Member of the Maryland House of Delegates from the Frederick County district
- In office 1867–1867 Serving with Henry Baker, Upton Buhrman, John L. Linthicum, John R. Rouzer, John A. Steiner
- Preceded by: David Agnew, Upton Buhrman, Samuel Keefer, David J. Markey, David Rinehart, Thomas A. Smith
- Succeeded by: Ephraim Albaugh, Noah Bowlus, Joseph Byers, R. P. T. Dutrow, Thomas G. Maynard, Charles F. Wenner

Personal details
- Born: Carroll County, Maryland, U.S.
- Died: March 23, 1896 Catoctin Furnace, Maryland, U.S.
- Resting place: Mount Olivet Cemetery
- Party: Unconditional Union Republican
- Spouse: Ann Pole ​(died)​
- Occupation: Politician; bank president; businessman;

= Thomas Gorsuch =

American politician (died 1896)

Thomas Gorsuch (died March 23, 1896) was an American politician from Maryland. He served as a member of the Maryland House of Delegates, representing Frederick County in 1867.

==Early life==
Thomas Gorsuch was born in Carroll County, Maryland.

==Career==
In 1851, Gorsuch moved to Frederick County and became an overseer of a farm owned by Jesse Coleman near Mount Pleasant. He was appointed as Assistant United States Assessor by President Abraham Lincoln and served until resigning after the election of Andrew Johnson.

Gorsuch was a member of the Unconditional Union Party and later the Republican Party. He served as a member of the Maryland House of Delegates, representing Frederick County in 1867. President Ulysses S. Grant appointed Gorsuch as Assistant United States Assessor and he held the role until it was discontinued.

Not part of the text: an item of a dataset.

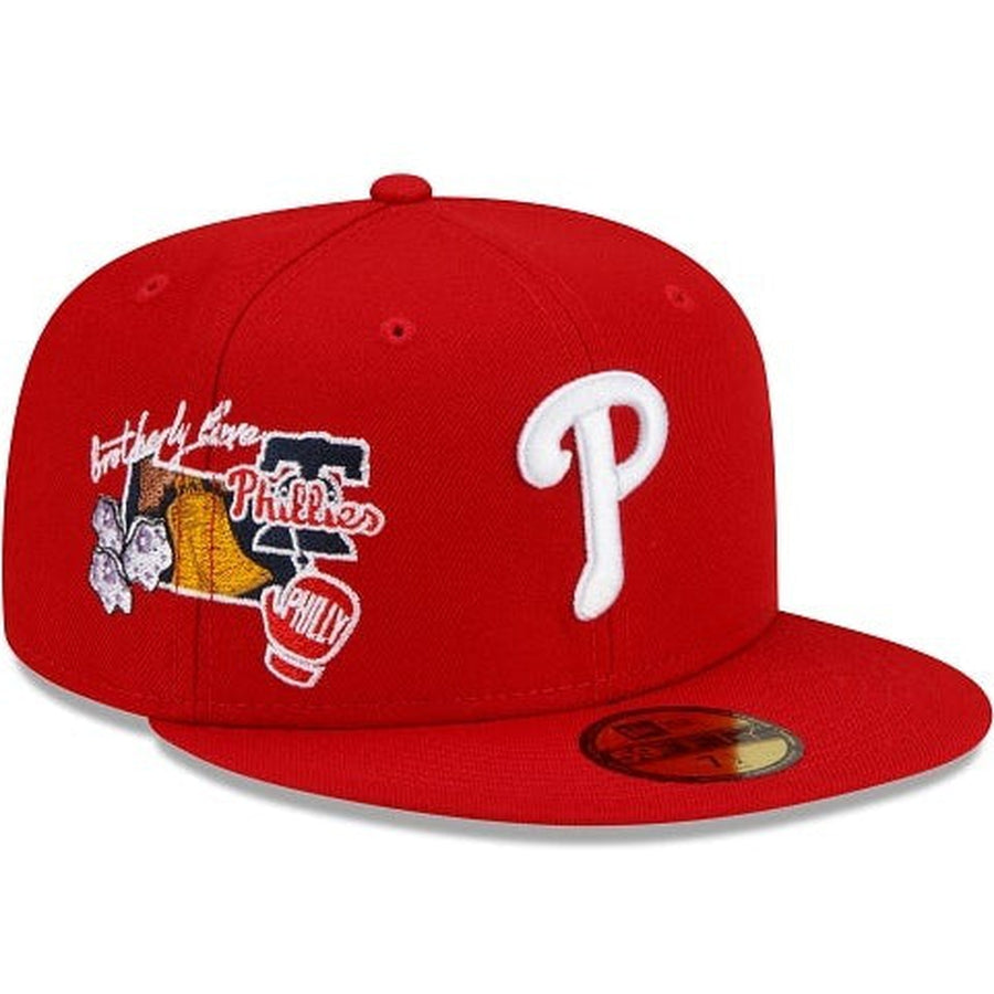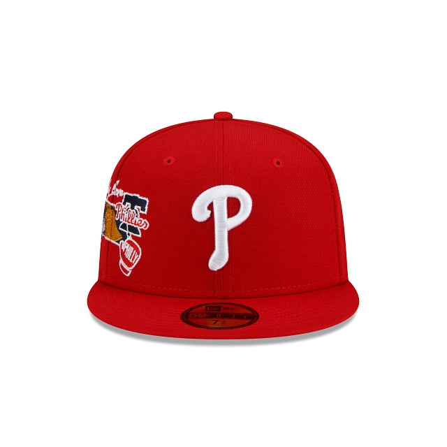 City ties. Represent your team with the Philadelphia Phillies City Cluster 59FIFTY Fitted Cap featuring an embroidered Phillies logo at the front panels with a city inspired patch at the right-wear side and a matching MLB Batterman logo at the rear. Additional details include a gray undervisor.

Gorsuch engaged in mining in the west for a time. He worked as cashier for the First National Bank of Frederick. In 1874, he succeeded Lawrence J. Brengle as president of the bank and served in that role until his death. He was elected as clerk of the circuit court in 1873 and served for six years. He was on the board of alderman in Frederick. In 1881, he was defeated on the Republican ticket for state comptroller by Thomas J. Keating. He was president of Catoctin Mountain Iron Company.

==Personal life==
Gorsuch married Ann Pole of Mount Pleasant. They had no children. His wife predeceased him.

Gorsuch died on March 23, 1896, aged 77 or 78, at his home in Catoctin Furnace. He was buried at Mount Olivet Cemetery.